Task material —
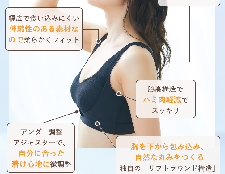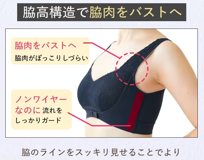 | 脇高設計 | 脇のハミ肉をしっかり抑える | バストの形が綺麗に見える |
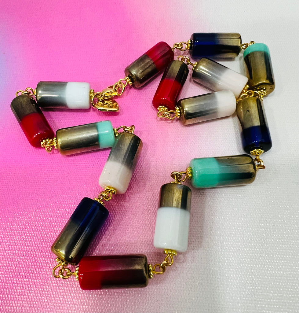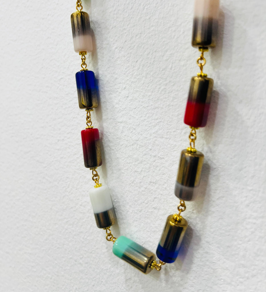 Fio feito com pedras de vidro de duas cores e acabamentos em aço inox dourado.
* * *
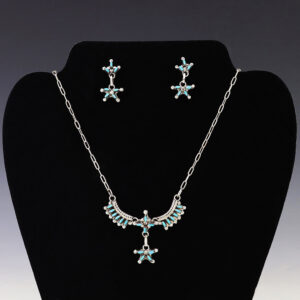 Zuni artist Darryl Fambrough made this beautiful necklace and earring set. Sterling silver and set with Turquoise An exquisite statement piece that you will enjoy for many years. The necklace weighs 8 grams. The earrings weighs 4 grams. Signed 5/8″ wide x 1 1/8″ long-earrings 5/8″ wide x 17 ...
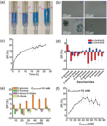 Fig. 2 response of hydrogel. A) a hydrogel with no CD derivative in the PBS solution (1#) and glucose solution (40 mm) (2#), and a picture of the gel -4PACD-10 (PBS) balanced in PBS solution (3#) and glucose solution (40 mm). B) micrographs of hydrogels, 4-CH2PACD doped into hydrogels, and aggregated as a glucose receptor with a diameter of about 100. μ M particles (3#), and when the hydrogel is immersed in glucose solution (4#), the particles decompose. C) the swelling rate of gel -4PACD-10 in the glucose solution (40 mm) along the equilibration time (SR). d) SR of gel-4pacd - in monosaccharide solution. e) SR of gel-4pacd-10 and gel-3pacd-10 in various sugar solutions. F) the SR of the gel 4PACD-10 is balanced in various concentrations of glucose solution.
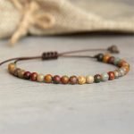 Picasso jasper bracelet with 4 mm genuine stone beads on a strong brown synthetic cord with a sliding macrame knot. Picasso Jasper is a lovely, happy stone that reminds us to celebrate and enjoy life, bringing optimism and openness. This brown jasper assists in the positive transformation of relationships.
* * *
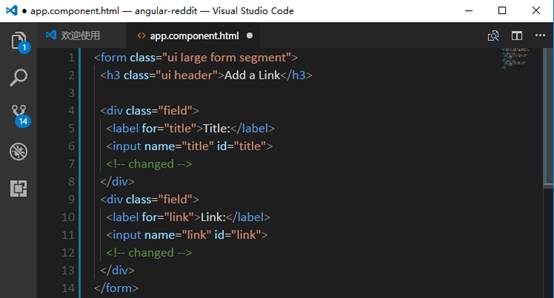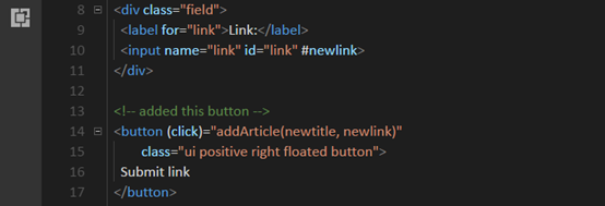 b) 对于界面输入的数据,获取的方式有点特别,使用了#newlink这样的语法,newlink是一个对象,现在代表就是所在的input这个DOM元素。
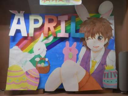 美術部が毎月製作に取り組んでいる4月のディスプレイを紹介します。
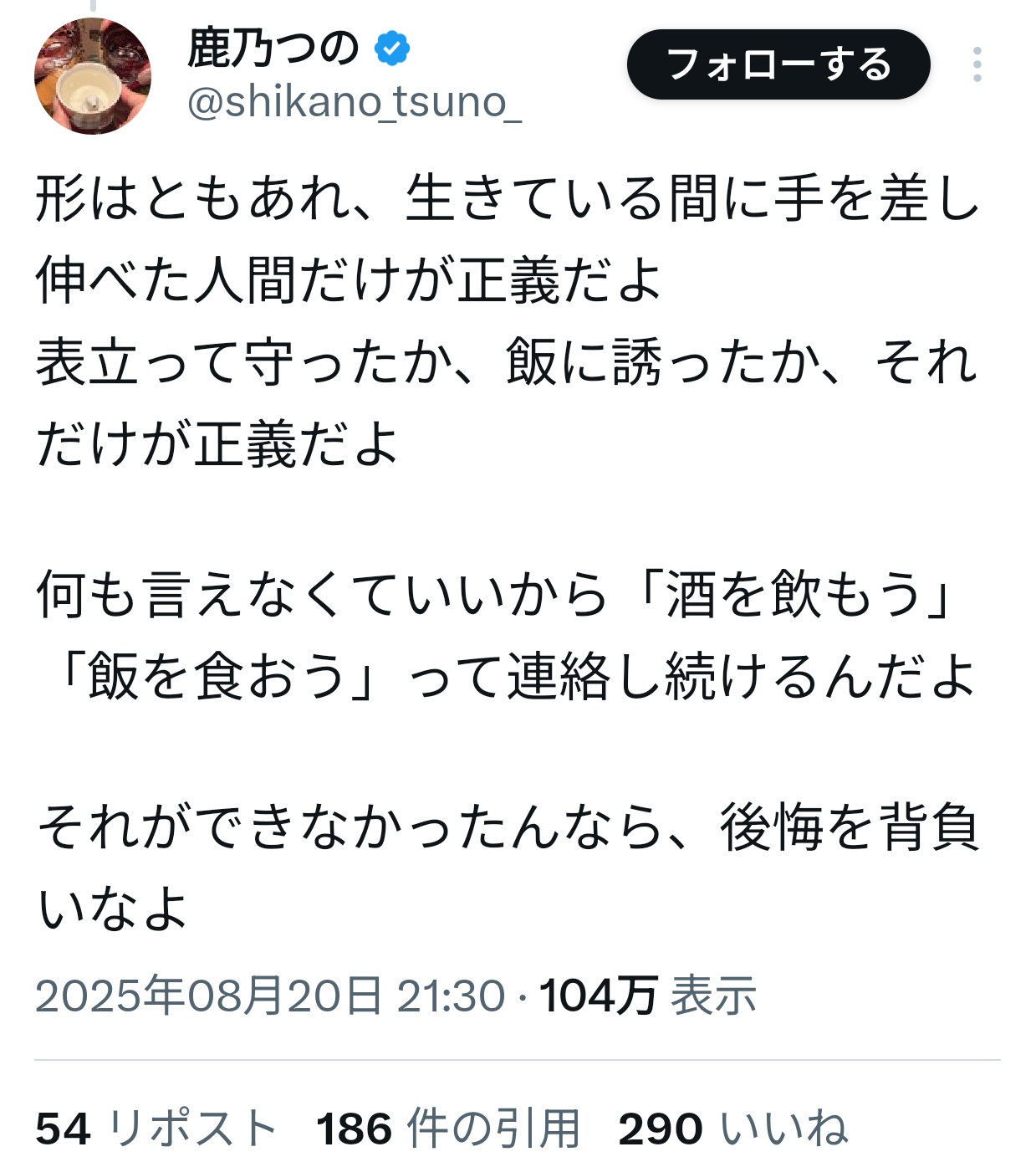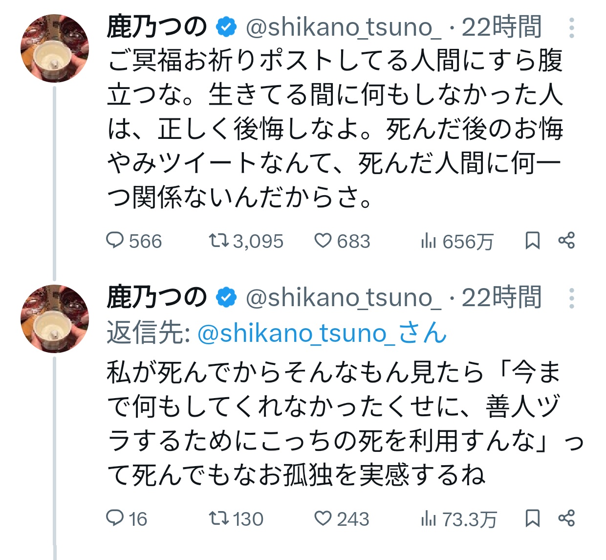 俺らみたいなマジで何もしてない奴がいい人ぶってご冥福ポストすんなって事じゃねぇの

Work item — In the listing above, find the line with "脇のハミ肉をしっかり抑える | バストの形が綺麗に見える |" and the line with "Fio feito com". Copy exactly those lines and all between them, minus the images.

Result of this task —
 | 脇高設計 | 脇のハミ肉をしっかり抑える | バストの形が綺麗に見える |
 Fio feito com pedras de vidro de duas cores e acabamentos em aço inox dourado.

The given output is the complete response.